Required action:
Only the lines below from the one containing "Дрожжи развести в" through the one containing "Очерки политической экономии" belong in the answer, set down exactly, with the pictures left out.

Information shown:
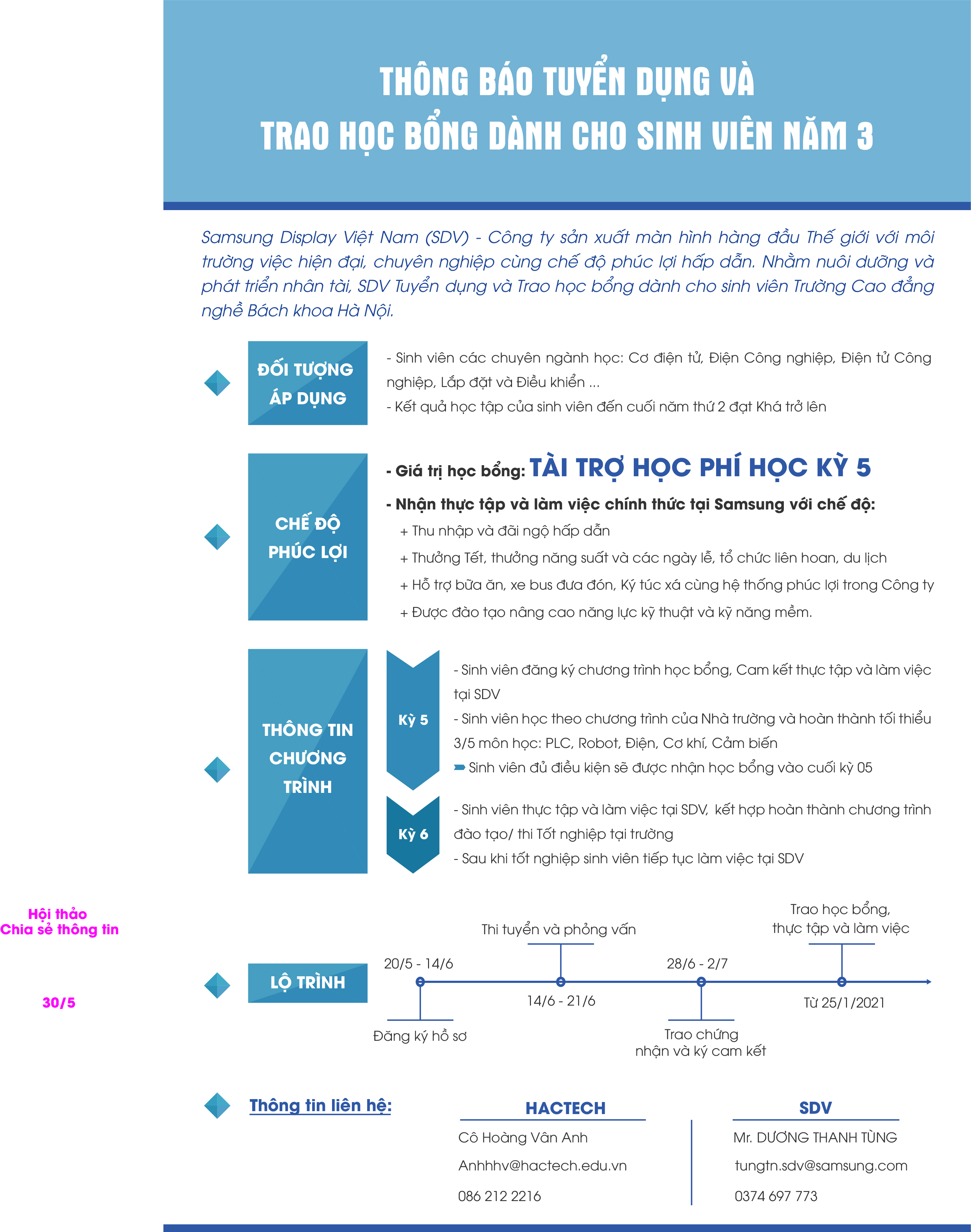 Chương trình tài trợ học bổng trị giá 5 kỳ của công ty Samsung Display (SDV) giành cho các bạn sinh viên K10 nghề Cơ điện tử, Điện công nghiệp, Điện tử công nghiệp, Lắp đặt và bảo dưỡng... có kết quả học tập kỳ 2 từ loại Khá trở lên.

--

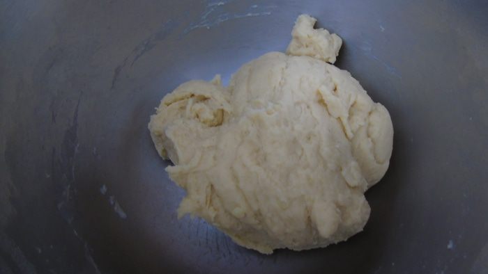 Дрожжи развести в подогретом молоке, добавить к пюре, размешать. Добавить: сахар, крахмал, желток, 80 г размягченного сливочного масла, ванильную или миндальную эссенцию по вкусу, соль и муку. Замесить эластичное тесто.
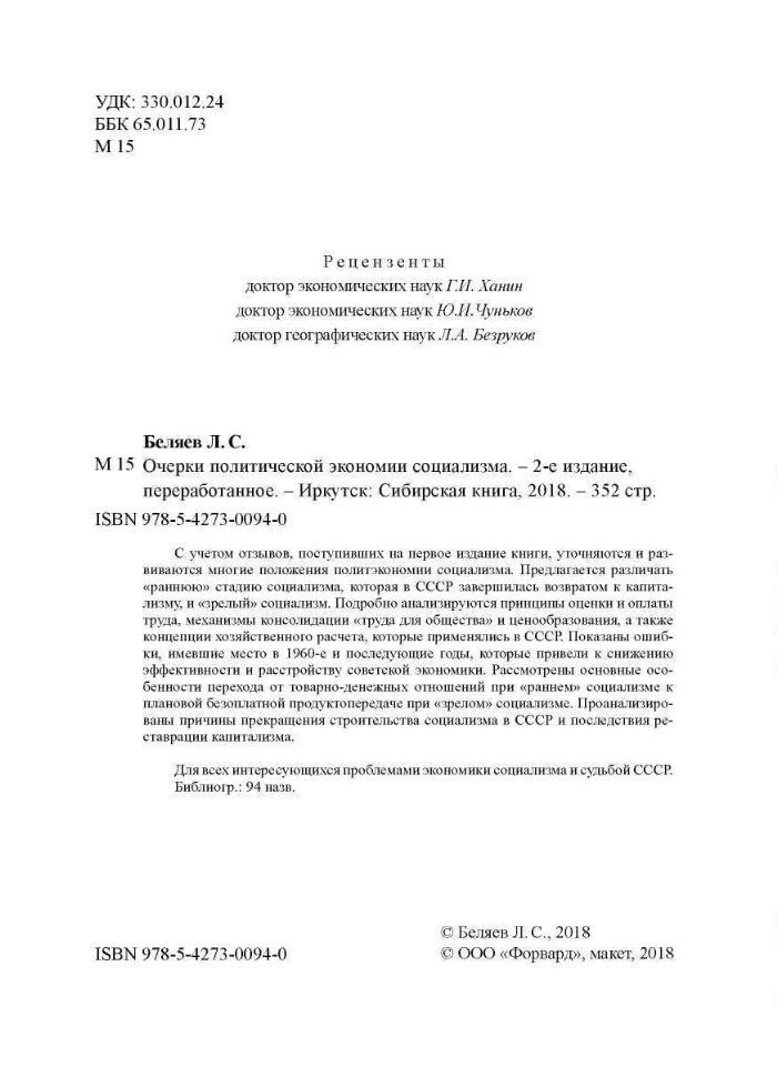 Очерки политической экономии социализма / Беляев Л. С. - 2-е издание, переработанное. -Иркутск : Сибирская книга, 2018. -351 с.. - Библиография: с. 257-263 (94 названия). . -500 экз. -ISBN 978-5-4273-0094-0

...

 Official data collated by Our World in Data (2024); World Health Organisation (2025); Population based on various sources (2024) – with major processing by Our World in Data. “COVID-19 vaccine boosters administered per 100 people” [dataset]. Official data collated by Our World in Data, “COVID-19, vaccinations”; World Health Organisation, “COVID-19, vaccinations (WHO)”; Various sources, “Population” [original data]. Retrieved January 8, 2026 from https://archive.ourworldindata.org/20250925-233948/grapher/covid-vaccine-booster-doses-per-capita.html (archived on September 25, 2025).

Answer box:
 Дрожжи развести в подогретом молоке, добавить к пюре, размешать. Добавить: сахар, крахмал, желток, 80 г размягченного сливочного масла, ванильную или миндальную эссенцию по вкусу, соль и муку. Замесить эластичное тесто.
 Очерки политической экономии социализма / Беляев Л. С. - 2-е издание, переработанное. -Иркутск : Сибирская книга, 2018. -351 с.. - Библиография: с. 257-263 (94 названия). . -500 экз. -ISBN 978-5-4273-0094-0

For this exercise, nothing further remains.